## TASK
Transcribe the data below verbatim from the line with "électrovanne G 1" to the line with "Thiếu tướng Đặng". Include both of those lines.

## DATA EXTRACTS
--------------------------------
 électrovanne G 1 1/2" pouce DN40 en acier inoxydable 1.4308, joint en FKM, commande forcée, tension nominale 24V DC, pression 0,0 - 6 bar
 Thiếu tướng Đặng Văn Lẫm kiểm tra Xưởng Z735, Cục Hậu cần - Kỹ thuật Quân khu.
--------------------------------
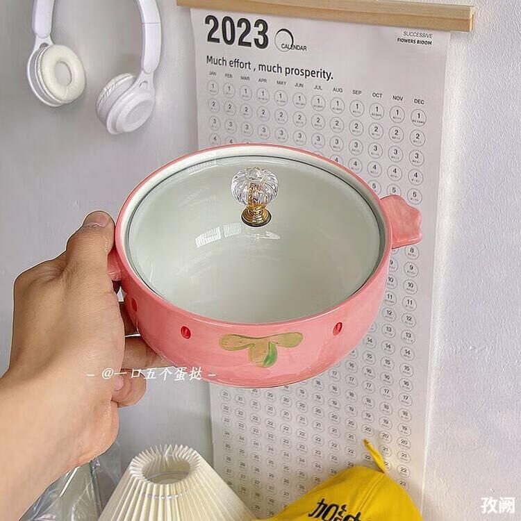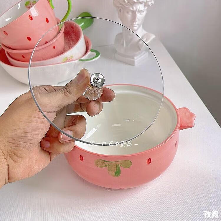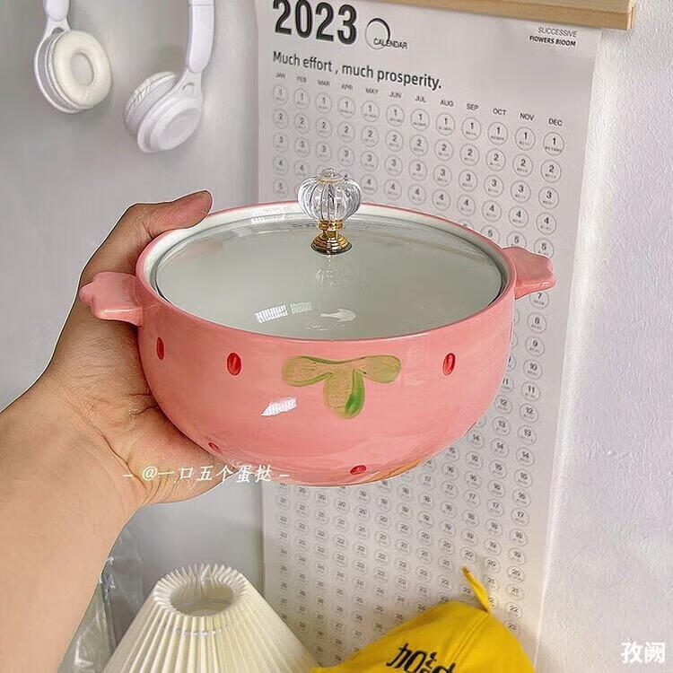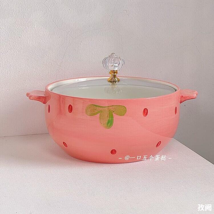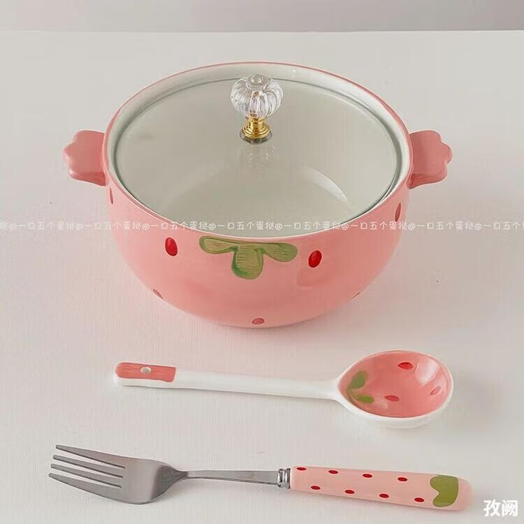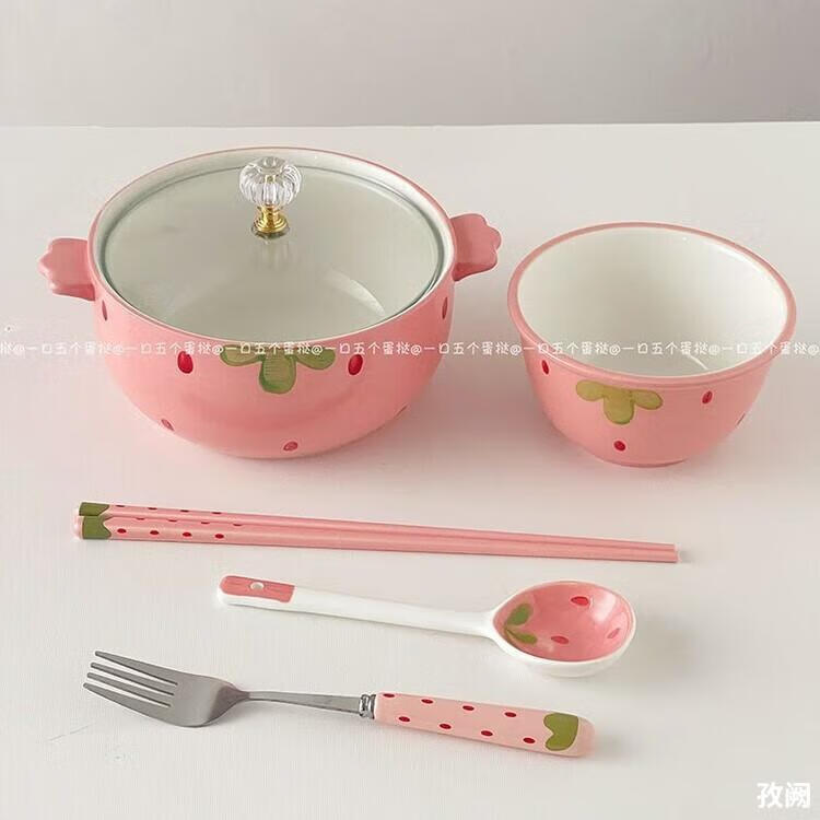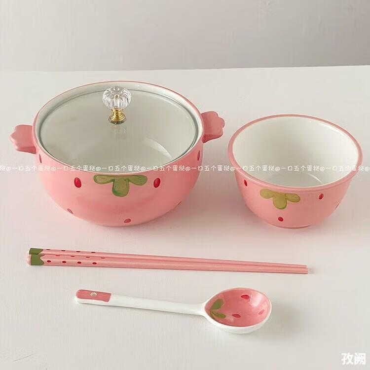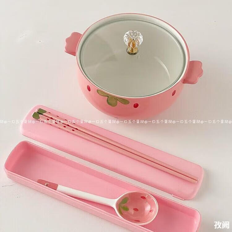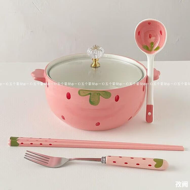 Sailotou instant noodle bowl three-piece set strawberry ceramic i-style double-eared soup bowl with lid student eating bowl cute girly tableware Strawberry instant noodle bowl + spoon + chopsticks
--------------------------------
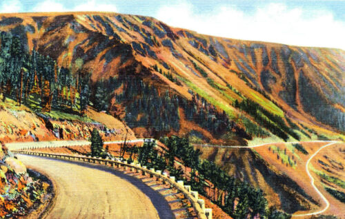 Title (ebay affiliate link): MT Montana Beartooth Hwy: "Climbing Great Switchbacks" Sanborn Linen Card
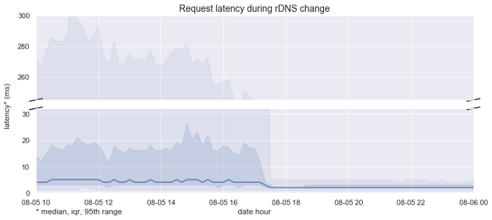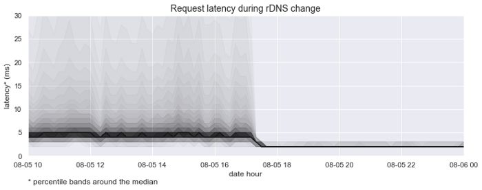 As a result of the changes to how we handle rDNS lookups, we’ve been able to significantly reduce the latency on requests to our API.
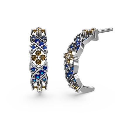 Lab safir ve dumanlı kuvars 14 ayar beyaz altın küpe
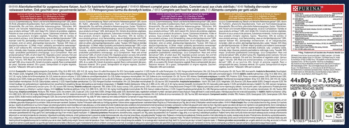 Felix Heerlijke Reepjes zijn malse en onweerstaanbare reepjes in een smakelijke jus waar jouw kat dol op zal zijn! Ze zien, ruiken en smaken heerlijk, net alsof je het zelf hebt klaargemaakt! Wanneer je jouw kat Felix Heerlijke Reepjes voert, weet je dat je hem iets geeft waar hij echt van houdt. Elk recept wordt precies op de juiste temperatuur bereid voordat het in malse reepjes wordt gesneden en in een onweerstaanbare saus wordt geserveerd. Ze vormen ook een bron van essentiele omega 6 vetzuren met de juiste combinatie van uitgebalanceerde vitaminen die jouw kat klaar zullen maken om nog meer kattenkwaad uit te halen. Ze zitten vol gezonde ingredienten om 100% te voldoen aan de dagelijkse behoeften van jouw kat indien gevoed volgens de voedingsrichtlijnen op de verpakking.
--------------------------------
## EXERCISE RESULT
 électrovanne G 1 1/2" pouce DN40 en acier inoxydable 1.4308, joint en FKM, commande forcée, tension nominale 24V DC, pression 0,0 - 6 bar
 Thiếu tướng Đặng Văn Lẫm kiểm tra Xưởng Z735, Cục Hậu cần - Kỹ thuật Quân khu.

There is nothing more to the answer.